9. The time-series prediction method according to claim 8, further comprising the step, performed by the time-series prediction apparatus, of:

calculating the relevance level based on collocation frequency of terms relevant to the respective matters in the time-series data relevant to the causal relation between the matters.

10. The time-series prediction method according to claim 8, further comprising the steps, performed by the time-series prediction apparatus, of:

based on time-series data relevant to a matter which is in a causal relation with the prediction target matter, building a plurality of prediction models for predicting the transition of the time-series data relevant to the prediction target matter; and

integrating prediction results of the respective prediction models while weighing each of the prediction models according to the relevance level.

11. The time-series prediction method according to claim 8, further comprising the step, performed by the time-series prediction apparatus, of:

generating a graph representing temporal transition of the time-series data.

12. The time-series prediction method according to claim 11, further comprising the step, performed by the time-series prediction apparatus, of:

generating a graph representing temporal transition of the relevance level.

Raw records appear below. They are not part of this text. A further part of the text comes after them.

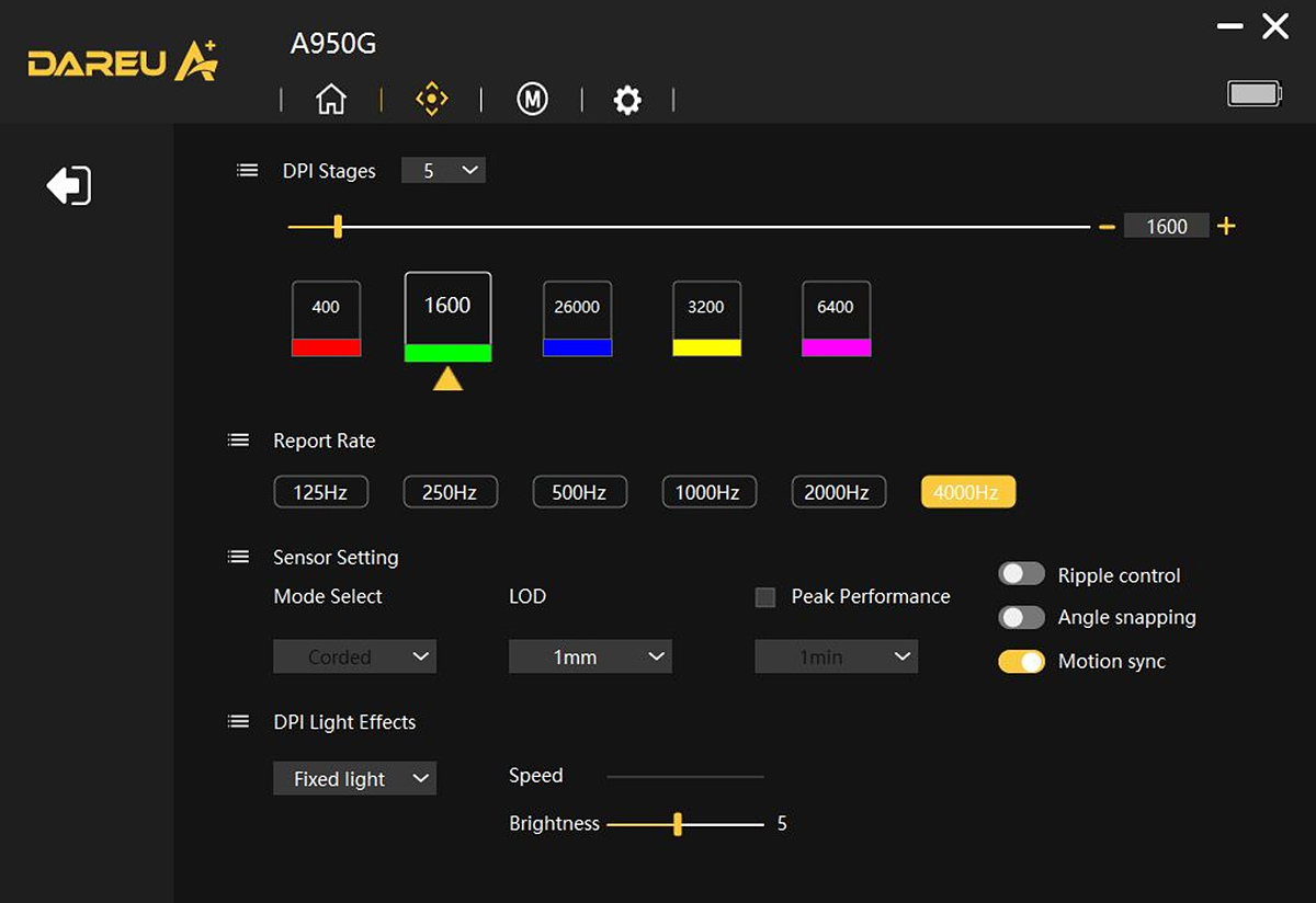 A950G의 가장 큰 특징인 폴링레이트(Report Rate)를 4,000Hz까지 설정할 수 있습니다. 게이밍 마우스들의 경우 1,000Hz가 일반적인데 이와 비교를 해보니 마우스가 조금 더 끌리거나 무겁다는 느낌이었습니다. 아주 작은 차이이긴 하지만 이런 느낌이 정확한 데이터가 아니라 단순 플라시보 효과일 수도 있습니다. 사실 일반 사용자가 1ms와 0.25ms를 구분한다는 건 거의 불가능하다고 생각하거든요. ^^)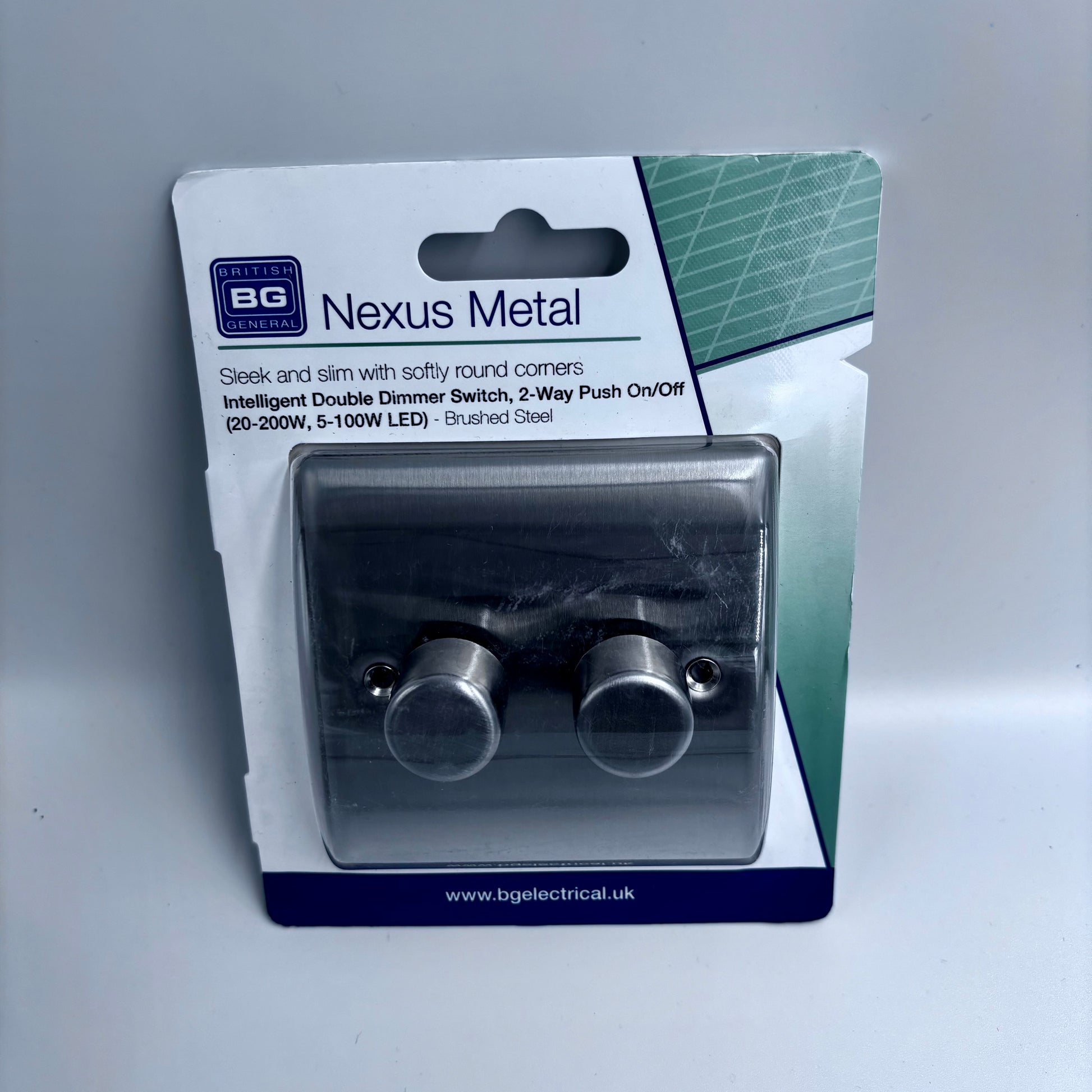 BRITISH GENERAL NEXUS METAL 2-GANG 2-WAY LED DIMMER SWITCH BRUSHED STEEL (NBS82)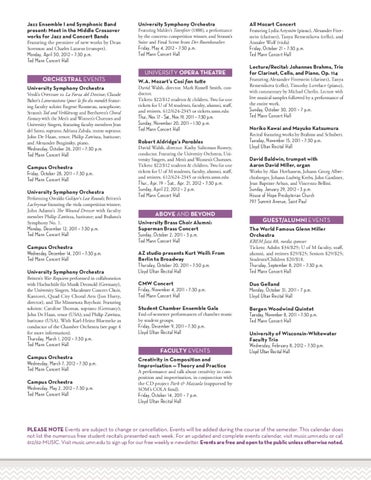 PLEASE NOTE Events are subject to change or cancellation. Events will be added during the course of the semester. This calendar does not list the numerous free student recitals presented each week. For an updated and complete events calendar, visit music.umn.edu or call 612/62-MUSIC. Visit music.umn.edu to sign up for our free weekly e-newsletter. Events are free and open to the public unless otherwise noted.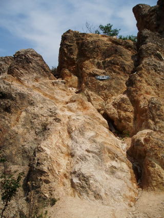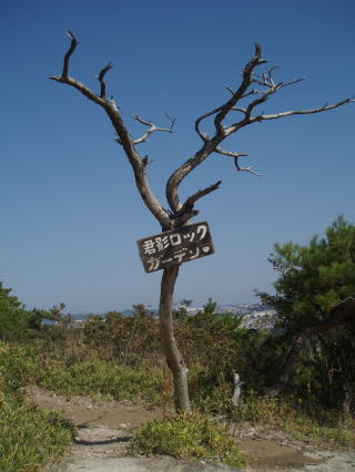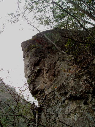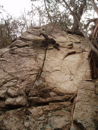| この看板の裏には「山で遊び山で学ぶ」とある。いい言葉だ。 | 岩の頂部を下から見上げたところ。 | |||

13. The time-series prediction method according to claim 8, further comprising the step, performed by the time-series prediction apparatus, of:

extracting, from time-series data relevant to the causal relation between the matters, time-series data containing both of terms relevant to the respective matters, and generating information indicating a frequency of appearance of the terms included in the time-series data extracted.

14. The time-series prediction method according to claim 8, further comprising the step, performed by the time-series prediction apparatus, of:

acquiring, over the Internet, the time-series data relevant to each of the plurality of matters including the prediction target matter and the time-series data relevant to the causal relation between the matters.